Struggles with coverage also probably mean you're writing too many unit tests and not enough integration tests. Testing how things work in isolation (unit) is almost worthless. I save it for simple utility functions, if then.
The best tests test the code as it is expected to work in the wild. Preferably in production mode and on production software.
Thanks for sharing you approach @chasm. As you mentioned there are many interesting ways to use coverage, the only thing is that it requires a good understanding of what code coverage is all about, and disciplines/tools to achieve it without effort/pain.
Exactly, and that's when TDD appears to be super useful, one must write code that is easily testable otherwise can't process to quickly and easily pass from RED to GREEN .
Integration tests are also very interesting and yes, ideally we should be executing them in production. Two resources I like about the subject:
Hi, @antoinecoulon. I agree. Thanks for the links. They look like good resources. I'll check them out.
My experience is the other way round:
Struggles with coverage also probably mean you're writing too many integration tests and not enough unit tests.
Having said that, I work mostly on backends and libraries, front-end developers may have different experiences.
That makes no sense to me at all. I wonder if we're talking about the same things? I can write one integration test and test parts of several different units. A couple of integration tests and I might not need any unit tests at all.
By unit tests I mean those that test a function or component in isolation from other functions and components, often by mocking out dependencies. Sometimes called anti-social testing.
By integration tests I mean moving the mocks to the edges of the app -- only mocking external resources (generally API calls) -- then allowing the components to interact the way they will in production.

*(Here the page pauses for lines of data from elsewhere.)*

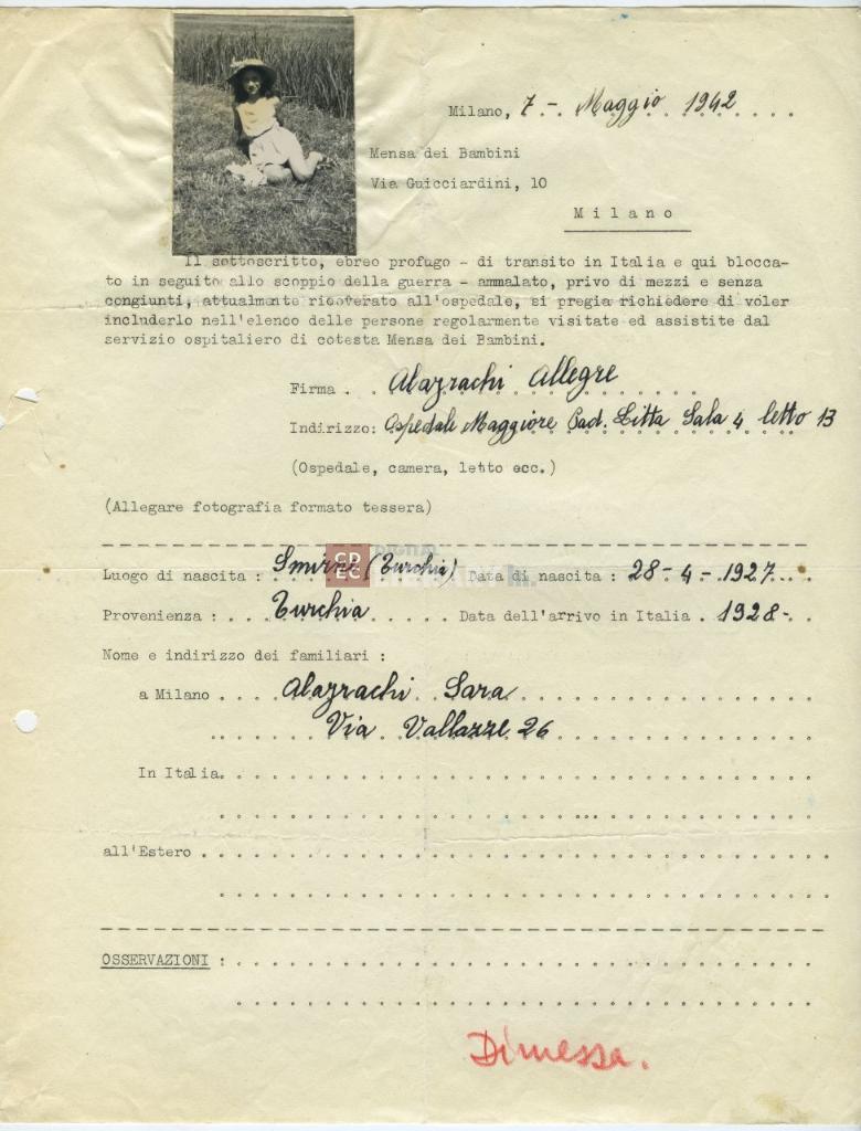 | osservazioni | Il 7 maggio 1942 Allegre Alazrachi fa richiesta all'Opera Mensa dei bambini per ricevere l'assistenza ospitaliera presso il padiglione Litta dell'Ospedale maggiore di Milano. Il cognome Alazrachi รจ talvolta trascritto nella forma Alazraki |
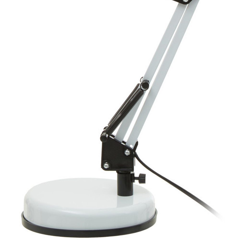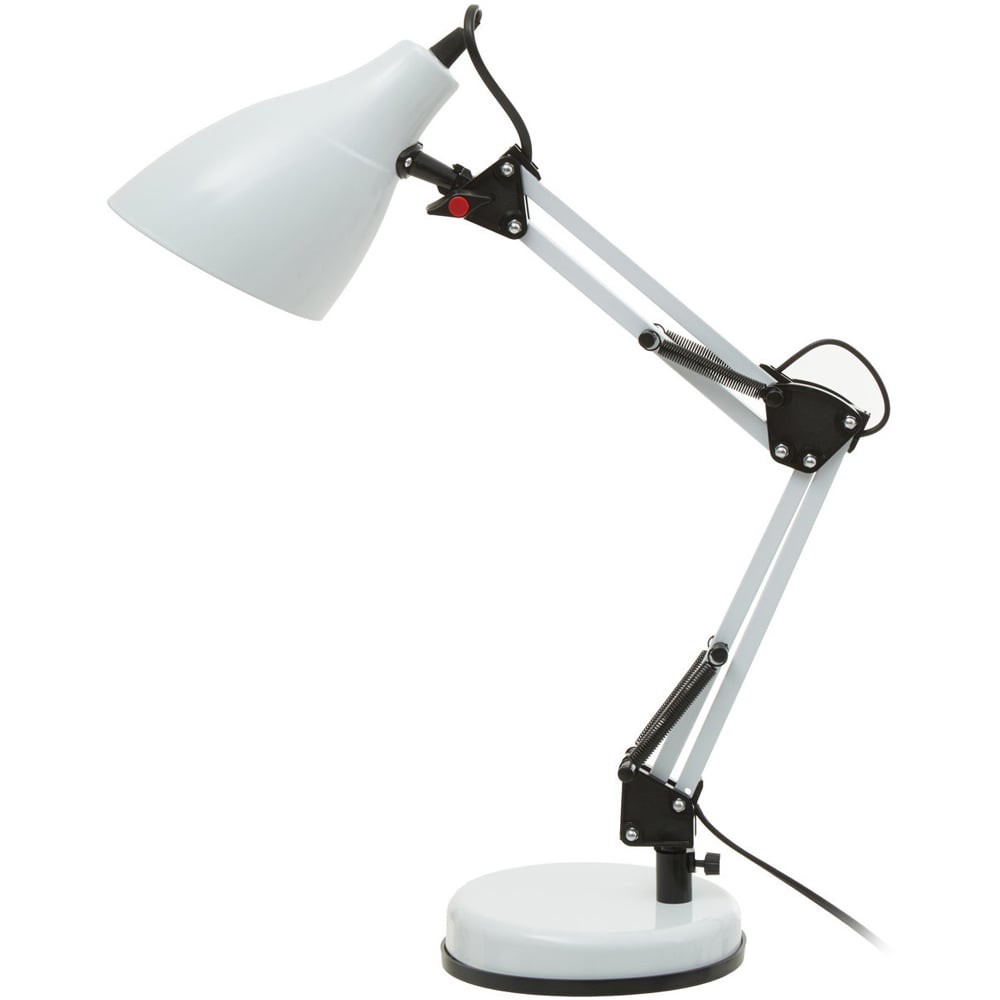 Discover a perfect blend of style and functionality with the Premier Housewares Finley White Desk Lamp. This desk lamp features a round movable shade connected to an adjustable arm with knuckle joints, allowing you to direct the light exactly where you need it. Skilfully crafted from robust iron and finished in an elegant white tone, this lamp is durable and adds a touch of sophistication to your workspace. The sturdy round base ensures stability, making it ideal for any desk or table. With its portable and adjustable design, you can easily position the lamp to create the perfect lighting atmosphere for reading, studying, or working on your projects. This desk lamp is a contemporary lighting solution that combines practicality with modern design. It requires 1 x E27 Bulb (Not Included). Please click here to find our range of lightbulbs.
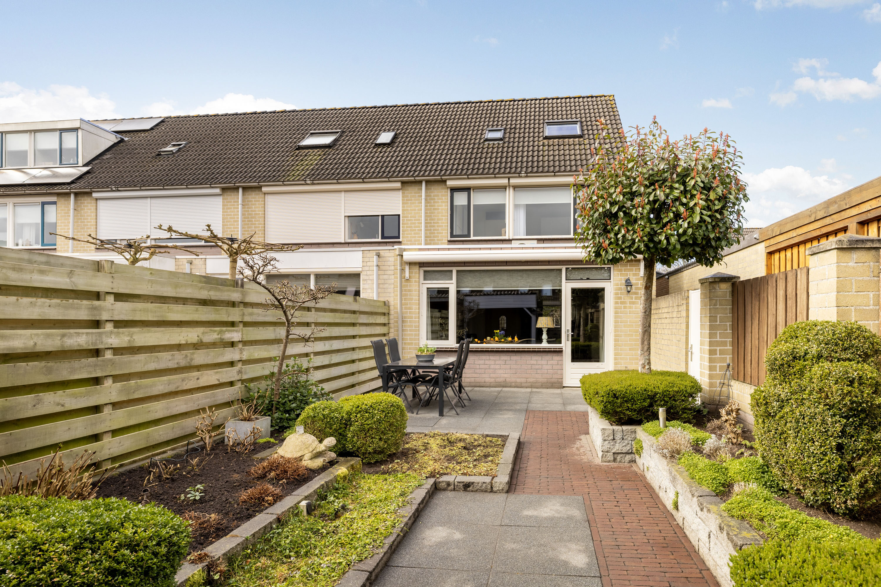 De achtertuin is gelegen op het zuidoosten en een eyecatcher van de woning. Zeer verzorgd aangelegd en voorzien van fraaie beplanting. Door de ligging hoef je je geen zorgen te maken over te weinig zonuren. Omdat de achtertuin lekker diep is beschik je in de achtertuin over een fijne zitplek.
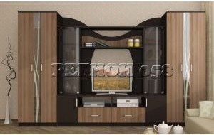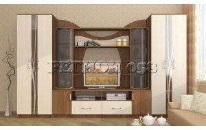 Гостиная Гамма-15. Наполнение: в левом шкафу — штанга + верхняя и нижняя полки, в правом шкафу — 4 полки (5 секций под вещи). Ширина каждого шкафа 700 мм. Глубина надставки средней секции 300 мм. Средняя секция снабжена двумя пеналами под посуду со стеклянными тонированными гнутыми створками и ящиками на роликовых направляющих. None Страна производства: Россия Есть доставка.
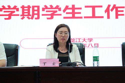 会议最后,校党委副书记丁宏讲话。她简要总结了我校上半年学生工作整体完成情况。 认为学工战线面对时间紧、任务重、年轻辅导员多等不利因素,依旧保质保量地完成了各项工作任务。针对当前工作面临的形势,丁宏副书记梳理了十类难点、重点和风险点,并对大家如何抵御和防范风险、高质量完成下半年工作提出了“五个树立”的具体要求。一要树立防范意识,认清形势。她要求大家必须要有敏感性,充分认识存在的风险,克服麻痹大意,守住工作底线。二要树立责任意识,把工作落实到位。在认清工作重点、难点和风险点之后,务必高度重视,逐级、逐层、逐项抓好工作落实。三要树立团队意识,打造团队文化。辅导员队伍要互帮互助,传承好的工作传统,共同提高,共同进步。四要树立学习意识,提高工作本领。要通过学习提升自己的专业化、职业化水平,努力成为学生工作的行家里手。五要树立创新意识,提升工作效果。她希望大家敢于尝试、善于思考,用好新媒体等方法,把工作做到学生心坎里。最后丁书记表示,学校党委将始终如一关注、关心学生工作队伍,希望大家对未来充满信心,脚踏实地,担当作为,为学校一流大学建设做出贡献。
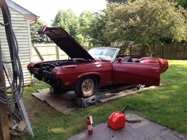 This car was sold in Portland Oregon on 9/16/1969. Marti Report comes with the car describing factory build details for this car. Original 351 Windsor 2 barrel, I have a block, heads, intake and exhaust manifolds, crank, oil pan and timing chain cover for a 351 Cleveland Cobra Jet engine that comes with the car. A brand new in the box, "EZ Softtops" stayfast canvas Pepper top with glass back window, new cables,top pads and black boot and tilt steering wheel.There are 6 factory maintenance and build manuals in excellent shape. there is a 2nd interior, front seats and door panels from a hardtop non XR-7, in exceptional condition. I also have new advanced front seat upper and lower foam from West Coast Classic Cougars. All of the trim is dent and rust free. This car is 95% rust free, the worst of the worst was a blown heater core that leaked antifreeze on the forward passenger floor. I have cut out the damage and have a complete floor pan. I used "Bullet Proof anti corrosion inhibitor on the entire floor. The car is not running and is partially disassembled. Additional pictures are available.

My feeling is that if you're finding integration tests too difficult to write (they are easier in my experience), then it's time to rethink your architecture and your choices.
I don't see that backends are any different (I've built plenty). Libraries are probably more suited to unit tests, although functions intended to work together should be tested together, IMO.

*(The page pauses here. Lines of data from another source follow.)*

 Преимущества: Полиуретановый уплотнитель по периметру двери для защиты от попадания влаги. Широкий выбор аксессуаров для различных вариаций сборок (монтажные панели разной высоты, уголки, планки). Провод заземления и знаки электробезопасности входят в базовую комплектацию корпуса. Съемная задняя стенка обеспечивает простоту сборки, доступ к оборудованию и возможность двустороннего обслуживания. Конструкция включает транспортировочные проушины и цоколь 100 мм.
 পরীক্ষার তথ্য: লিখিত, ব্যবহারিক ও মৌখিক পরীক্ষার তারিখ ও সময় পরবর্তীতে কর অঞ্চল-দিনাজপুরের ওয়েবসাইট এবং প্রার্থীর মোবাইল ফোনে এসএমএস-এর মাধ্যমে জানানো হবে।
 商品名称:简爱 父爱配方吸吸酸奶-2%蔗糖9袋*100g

Can you explain how and why integration tests (if we're talking about the same thing) make coverage a struggle?
Do you mind elaborating, please? If it's too broad for you to do justice to here, links are welcome
Thanks for letting me the chance to elaborate on that subject. Before sharing my thoughts here is one precious and valuable link I could share with you is that wonderful talk by Ian Cooper, explaining which pain points you'll face when writing tests last.

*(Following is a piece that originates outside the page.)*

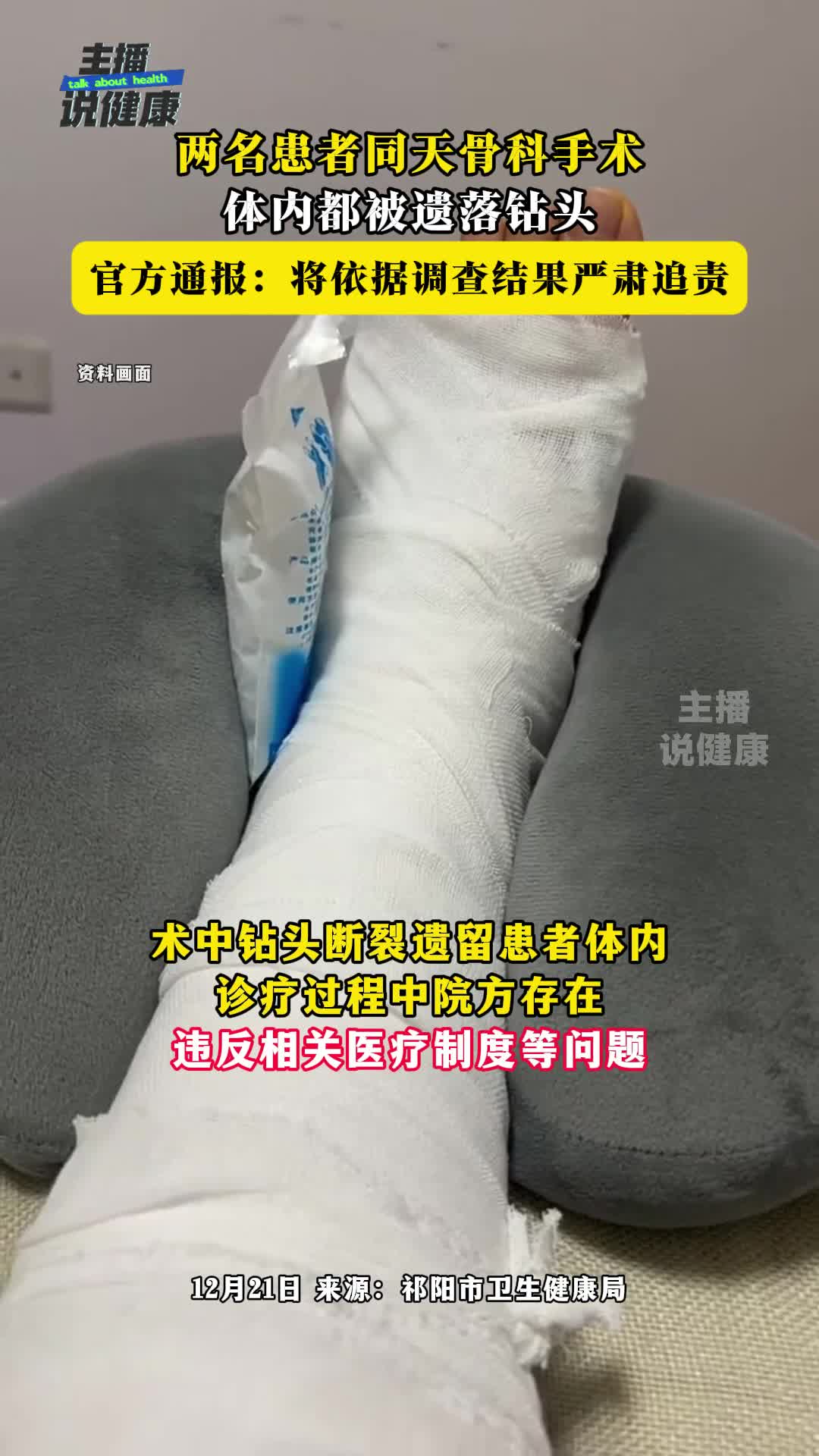 两名患者同天骨科手术,体内都被遗落钻头!官方通报:将依据调查结果严肃追责

Putting that talk aside, my humble opinion would be:
Test-Last
will favor the writing of tests that are irrelevant because the code is already written, so how can you prove that your test is serving a specific purpose? Say you write 150 lines of code and after that you write 3 tests which all of them pass. How could you know if they pass because of your code given that in the first place there was no tests that asserts this was failing without the code? The danger here is that these tests that serve no purpose wrongly augment the confidence in the code produced.Test-Last
is one of the reasons developers might not write tests, as they become painful and hard to write once all the code was already written. When writing tests after, you might end up dealing with implicit dependencies on which you have no direct control, making the ability to easily test the behavior of the system fly away, and making also the tests non-deterministic for some cases. Take for instance a simple use case where some kind of date (Date.now() -> non-deterministic) is involved, how you're supposed to test it afterwards if you don't realize in the first place that this might be done differently for the test to be simple to write?Then when writing the test after:
Now that's a simple case, but imagine writing dozens or hundreds of lines of code at once and then trying out to figure how you could test that behavior having multiple nested implicit dependencies? Doing Test-Last will make just feel that writing tests is the worst part of the day
Watched the talk cuz this is a highly sensitive topic for me. Sadly didn't find a comparison between both paradigms there. But I appreciate you for obliging me.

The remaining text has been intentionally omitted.